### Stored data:

────────────────────────────────────────

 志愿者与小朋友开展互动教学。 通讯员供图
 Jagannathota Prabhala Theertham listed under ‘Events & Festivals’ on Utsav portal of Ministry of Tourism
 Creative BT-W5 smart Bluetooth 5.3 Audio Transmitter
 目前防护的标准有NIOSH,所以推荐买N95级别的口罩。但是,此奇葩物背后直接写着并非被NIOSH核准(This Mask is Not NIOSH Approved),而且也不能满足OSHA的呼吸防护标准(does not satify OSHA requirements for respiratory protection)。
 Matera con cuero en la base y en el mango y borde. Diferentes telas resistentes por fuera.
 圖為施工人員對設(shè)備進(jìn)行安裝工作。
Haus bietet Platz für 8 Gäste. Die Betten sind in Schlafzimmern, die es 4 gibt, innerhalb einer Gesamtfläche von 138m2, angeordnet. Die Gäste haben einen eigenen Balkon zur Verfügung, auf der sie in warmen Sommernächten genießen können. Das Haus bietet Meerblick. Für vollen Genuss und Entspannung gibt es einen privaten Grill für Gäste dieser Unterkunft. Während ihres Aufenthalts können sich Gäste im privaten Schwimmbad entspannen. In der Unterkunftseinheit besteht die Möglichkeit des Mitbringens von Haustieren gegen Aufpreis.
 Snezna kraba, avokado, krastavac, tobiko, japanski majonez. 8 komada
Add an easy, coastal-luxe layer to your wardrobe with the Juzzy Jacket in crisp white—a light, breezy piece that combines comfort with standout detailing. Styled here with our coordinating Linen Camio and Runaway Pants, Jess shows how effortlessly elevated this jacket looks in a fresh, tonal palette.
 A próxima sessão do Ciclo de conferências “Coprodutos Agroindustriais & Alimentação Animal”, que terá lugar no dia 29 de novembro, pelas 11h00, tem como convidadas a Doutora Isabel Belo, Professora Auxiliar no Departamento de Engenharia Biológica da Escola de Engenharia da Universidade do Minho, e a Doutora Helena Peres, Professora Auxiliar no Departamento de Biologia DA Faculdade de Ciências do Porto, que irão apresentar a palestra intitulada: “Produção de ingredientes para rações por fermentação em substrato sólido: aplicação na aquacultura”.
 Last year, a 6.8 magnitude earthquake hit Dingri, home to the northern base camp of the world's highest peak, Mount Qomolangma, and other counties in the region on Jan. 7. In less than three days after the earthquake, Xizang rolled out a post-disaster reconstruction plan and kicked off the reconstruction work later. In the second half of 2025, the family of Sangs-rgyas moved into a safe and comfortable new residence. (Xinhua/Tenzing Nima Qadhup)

────────────────────────────────────────

### Directions for this task:
Make an exact copy of all the entries above.

### Response to this task:
 志愿者与小朋友开展互动教学。 通讯员供图
 Jagannathota Prabhala Theertham listed under ‘Events & Festivals’ on Utsav portal of Ministry of Tourism
 Creative BT-W5 smart Bluetooth 5.3 Audio Transmitter
 目前防护的标准有NIOSH,所以推荐买N95级别的口罩。但是,此奇葩物背后直接写着并非被NIOSH核准(This Mask is Not NIOSH Approved),而且也不能满足OSHA的呼吸防护标准(does not satify OSHA requirements for respiratory protection)。
 Matera con cuero en la base y en el mango y borde. Diferentes telas resistentes por fuera.
 圖為施工人員對設(shè)備進(jìn)行安裝工作。
Haus bietet Platz für 8 Gäste. Die Betten sind in Schlafzimmern, die es 4 gibt, innerhalb einer Gesamtfläche von 138m2, angeordnet. Die Gäste haben einen eigenen Balkon zur Verfügung, auf der sie in warmen Sommernächten genießen können. Das Haus bietet Meerblick. Für vollen Genuss und Entspannung gibt es einen privaten Grill für Gäste dieser Unterkunft. Während ihres Aufenthalts können sich Gäste im privaten Schwimmbad entspannen. In der Unterkunftseinheit besteht die Möglichkeit des Mitbringens von Haustieren gegen Aufpreis.
 Snezna kraba, avokado, krastavac, tobiko, japanski majonez. 8 komada
Add an easy, coastal-luxe layer to your wardrobe with the Juzzy Jacket in crisp white—a light, breezy piece that combines comfort with standout detailing. Styled here with our coordinating Linen Camio and Runaway Pants, Jess shows how effortlessly elevated this jacket looks in a fresh, tonal palette.
 A próxima sessão do Ciclo de conferências “Coprodutos Agroindustriais & Alimentação Animal”, que terá lugar no dia 29 de novembro, pelas 11h00, tem como convidadas a Doutora Isabel Belo, Professora Auxiliar no Departamento de Engenharia Biológica da Escola de Engenharia da Universidade do Minho, e a Doutora Helena Peres, Professora Auxiliar no Departamento de Biologia DA Faculdade de Ciências do Porto, que irão apresentar a palestra intitulada: “Produção de ingredientes para rações por fermentação em substrato sólido: aplicação na aquacultura”.
 Last year, a 6.8 magnitude earthquake hit Dingri, home to the northern base camp of the world's highest peak, Mount Qomolangma, and other counties in the region on Jan. 7. In less than three days after the earthquake, Xizang rolled out a post-disaster reconstruction plan and kicked off the reconstruction work later. In the second half of 2025, the family of Sangs-rgyas moved into a safe and comfortable new residence. (Xinhua/Tenzing Nima Qadhup)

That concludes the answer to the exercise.